Dr. Andy

Reflections on medicine and biology among other things

Sunday, December 18, 2005

Science and scientific misconduct

I have been irritated at the journal Science for some time, mostly because they make it so hard to access material on-line. For example, the retraction of the Hwang stem-cell paper is apparently not available to non-subscribers.

I am also perrenially irritated at the reluctance of the scientific enterprise to weed out fraud and sloppy practices. As someone with experience (4 years getting a Ph.D. and 2 years doing research as a fellow) I can tell you there is a lot out there that no one can replicate, it is just lower profile than stem cells. And here I am NOT talking about labs I worked in but papers you'd cite just to have someone tell you that despite there being no correction and no contrary data in the literature the results were widely known to be wrong. Of course some of this was not fraud or dishonesty at all but due to sloppiness or bad interpretatin of date, etc., that is honest error. Still, I found the world of molecular biology to be far less rigorous and much poorer at error correction that it should be.

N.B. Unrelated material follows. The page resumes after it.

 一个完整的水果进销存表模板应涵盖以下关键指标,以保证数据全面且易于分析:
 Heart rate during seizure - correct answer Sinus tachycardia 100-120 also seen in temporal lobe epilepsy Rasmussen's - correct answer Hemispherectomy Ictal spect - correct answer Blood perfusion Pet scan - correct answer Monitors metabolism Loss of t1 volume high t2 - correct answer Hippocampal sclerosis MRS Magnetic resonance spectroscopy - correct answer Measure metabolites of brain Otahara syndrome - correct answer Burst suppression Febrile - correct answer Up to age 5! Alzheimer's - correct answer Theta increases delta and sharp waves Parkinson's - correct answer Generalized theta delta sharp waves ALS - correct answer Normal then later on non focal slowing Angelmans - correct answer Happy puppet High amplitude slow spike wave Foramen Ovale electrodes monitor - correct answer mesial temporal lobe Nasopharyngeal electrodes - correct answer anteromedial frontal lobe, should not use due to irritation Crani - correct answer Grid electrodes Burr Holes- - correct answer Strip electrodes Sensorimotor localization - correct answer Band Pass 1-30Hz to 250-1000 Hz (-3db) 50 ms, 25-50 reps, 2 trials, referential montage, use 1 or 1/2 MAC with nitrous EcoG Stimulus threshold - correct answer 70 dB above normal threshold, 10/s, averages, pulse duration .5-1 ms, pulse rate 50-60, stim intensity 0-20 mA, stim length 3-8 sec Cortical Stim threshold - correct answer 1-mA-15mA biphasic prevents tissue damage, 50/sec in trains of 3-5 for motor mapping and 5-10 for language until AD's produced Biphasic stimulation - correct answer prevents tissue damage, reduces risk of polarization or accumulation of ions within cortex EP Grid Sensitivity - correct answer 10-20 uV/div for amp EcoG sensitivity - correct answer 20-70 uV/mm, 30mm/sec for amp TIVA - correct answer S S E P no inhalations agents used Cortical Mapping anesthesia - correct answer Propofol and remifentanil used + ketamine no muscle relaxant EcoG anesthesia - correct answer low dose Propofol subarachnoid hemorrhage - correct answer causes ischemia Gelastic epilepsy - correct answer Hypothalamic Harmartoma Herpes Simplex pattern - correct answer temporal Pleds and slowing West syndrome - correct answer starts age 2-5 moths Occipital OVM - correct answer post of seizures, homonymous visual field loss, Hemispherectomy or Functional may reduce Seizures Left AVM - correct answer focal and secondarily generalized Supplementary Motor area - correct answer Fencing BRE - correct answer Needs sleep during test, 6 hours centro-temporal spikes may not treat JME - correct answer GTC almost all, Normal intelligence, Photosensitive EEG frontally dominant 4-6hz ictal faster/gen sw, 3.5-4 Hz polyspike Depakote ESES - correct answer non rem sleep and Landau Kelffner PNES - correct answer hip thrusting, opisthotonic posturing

These two sources of irritation have now intersected in the stem cell mess:
At another press briefing this afternoon in Washington, D.C., Science editor Donald Kennedy said that in their phone call, Hwang and Schatten told editors that the data in three areas--cell surface marking, DNA fingerprinting, and teratoma formation--"could not be trusted." But even though the paper contains errors that were known at the time of submission, Kennedy said there is not at present evidence to conclude scientific misconduct.
If knowingly submistting fake data isn't scientific misconduct what exactly is?

UPDATE: well, the retraction, such that is is, along with the original paper is here, so Science is innocent of the charge above. But the correction issued in November regarding faulty data in one table is only available to subscribers. You'd think Science would see the benefit in getting all the data out in the public domain to encourage discussion, etc. but I guess not

UPUPDATE: more about Science in the eye of the storm here

1 Comments:

At 2:35 PM, Blogger pluripotentate said...

(sheep cloner) ian wilmut and a bunch of other famous scientists wrote a letter scolding the media for getting involved in this hwang mess. terrible decision. certainly the e! channel has no business interpreting scientific data and reporting half-understood figures as the latest scandal. but shutting out journalists with a science background makes all science seem like it's a private club, possibly with some very unsavory rituals.